选题: 20190315 How to create portable documents with CBZ and DjVu

sources/tech/20190315 How to create portable documents with CBZ and DjVu.md
This commit is contained in:
darksun 2019-03-18 11:05:22 +08:00
parent 13a45ab2d5
commit 00a2bad734

View File

@ -0,0 +1,317 @@
[#]: collector: (lujun9972)
[#]: translator: ( )
[#]: reviewer: ( )
[#]: publisher: ( )
[#]: url: ( )
[#]: subject: (How to create portable documents with CBZ and DjVu)
[#]: via: (https://opensource.com/article/19/3/comic-book-archive-djvu)
[#]: author: (Seth Kenlon (Red Hat, Community Moderator) https://opensource.com/users/seth)

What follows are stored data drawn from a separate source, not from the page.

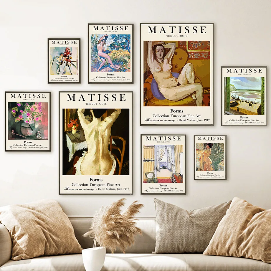 Винтажные цветочные вазы матиссе для девочек, абстрактные скандинавские постеры и принты, настенная живопись на холсте, настенные картины для декора гостиной
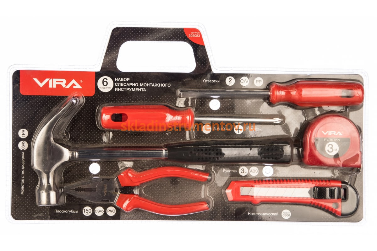 Набор слесарно-монтажного инструмента VIRA 6 предметов 305083 пригодится для проведения бытовых ремонтных работ. В комплекте 6 инструментов, рабочие части которых выполнены из стали марки CS45, CS60 и хромованадиевой стали. Рукоятки отверток и плоскогубцев изготовлены из ПВХ. Набор поставляется на блистере с рукояткой для транспортировки.
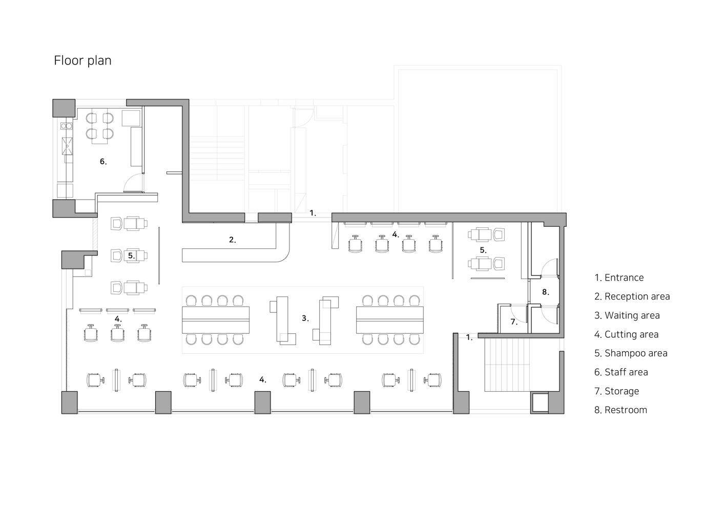 Chaoreum Hair的个人感性主题反映了美容院的一种新方法,超越了传统模式,提供个性化服务,通过提高自我满意度和自信心来刺激顾客的感官。为了摆脱传统的沙龙设计,Chaoreum Hair融入了其独特的地理位置,五金店和时尚商业区并存。为了表达这种新的形式和运动,空间的设计使用了其独特的形状、原材料和当地环境,反映了品牌的身份和空间。
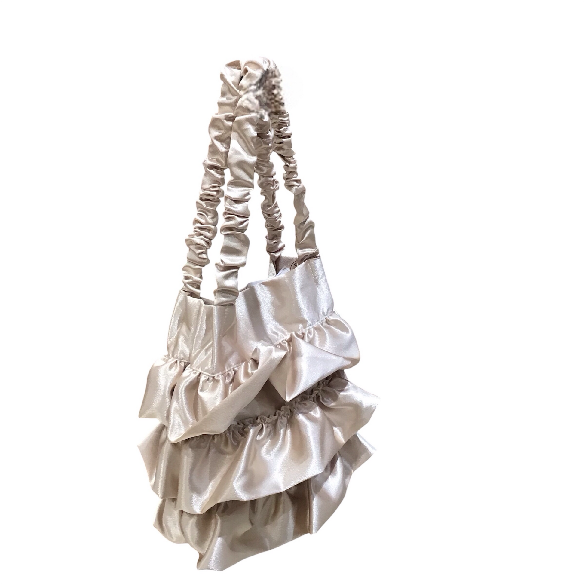 サテンの光沢感がコーデのアクセントになり、スタイリングえおより華やかにしてくれます。ギャザーハンドルも可愛いく、軽くて柔らかいのでデイリー使いもしやすいです◎マグネットボタンで開閉。内ファスナーポケット1つ、ポケット1つあり。
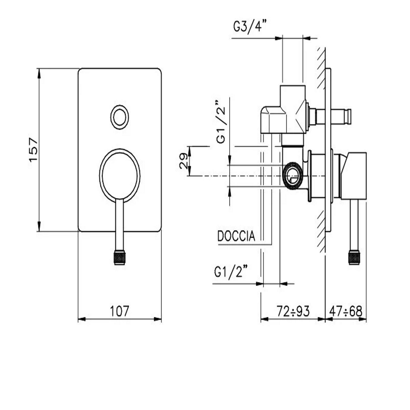 Officina Nicolazzi Monocomando Arena Leva, Monocomando doccia incasso con deviatore

How to create portable documents with CBZ and DjVu
======
Stop using PDFs with these two smart digital archive formats.
![](https://opensource.com/sites/default/files/styles/image-full-size/public/lead-images/books_stack_library_reading.jpg?itok=uulcS8Sw)
Recently, I discovered that my great-great-grandfather wrote two books near the turn of the 20th century: one about sailing and the other about his career as [New York City's fire chief][1]. The books have a niche audience, but since they are part of my family history, I wanted to preserve a digital copy of each. But, I wondered, what portable document format is best suited for such an endeavor?

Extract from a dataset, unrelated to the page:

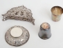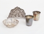 bägare 1 par signerad T. Eldh, Ceson Göteborg 1949, höjd 5, servettställ, skål genombruten, Chester England 1900-tal, vikt 145 gram
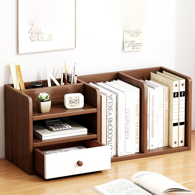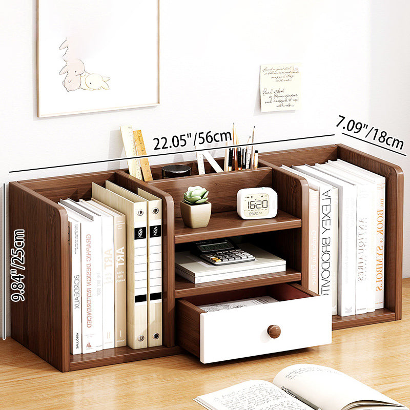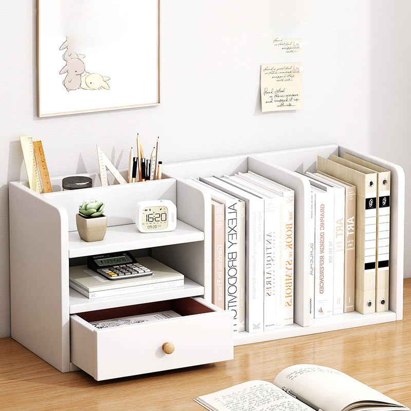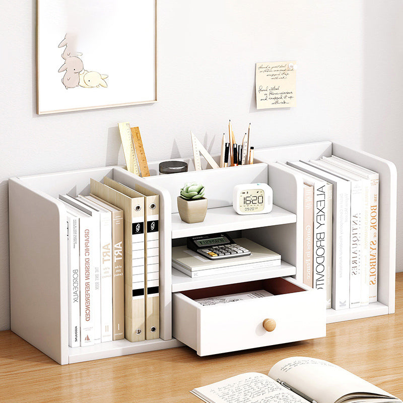 This modern minimalist desktop storage shelf is made from durable MDF and features a clean rectangular design with one smooth-glide drawer for concealed storage. Available in warm white or oak finish, it includes rounded anti-bump corners and a full back panel for added stability, making it ideal for organizing books and essentials in living rooms, home offices, or study spaces.

I decided early on that PDF was not an option. The format, while good for printing preflight, seems condemned to nonstop feature bloat, and it produces documents that are difficult to introspect and edit. I wanted a smarter format with similar features. Two came to mind: comic book archive and DjVu.
### Comic book archive
[Comic book archive][2] is a simple format most often used, as the name suggests, for comic books. You can see examples of comic book archives on sites like [Comic Book Plus][3] and [The Digital Comic Museum][4].
The greatest feature of a comic book archive is also its weakest: it's so simple, it's almost more of a convention than a format. In fact, a comic book archive is just a ZIP, TAR, 7Z, or RAR archive given the extension .cbz, .cbt, .cb7, or .cbr, respectively. It has no standard for storing metadata.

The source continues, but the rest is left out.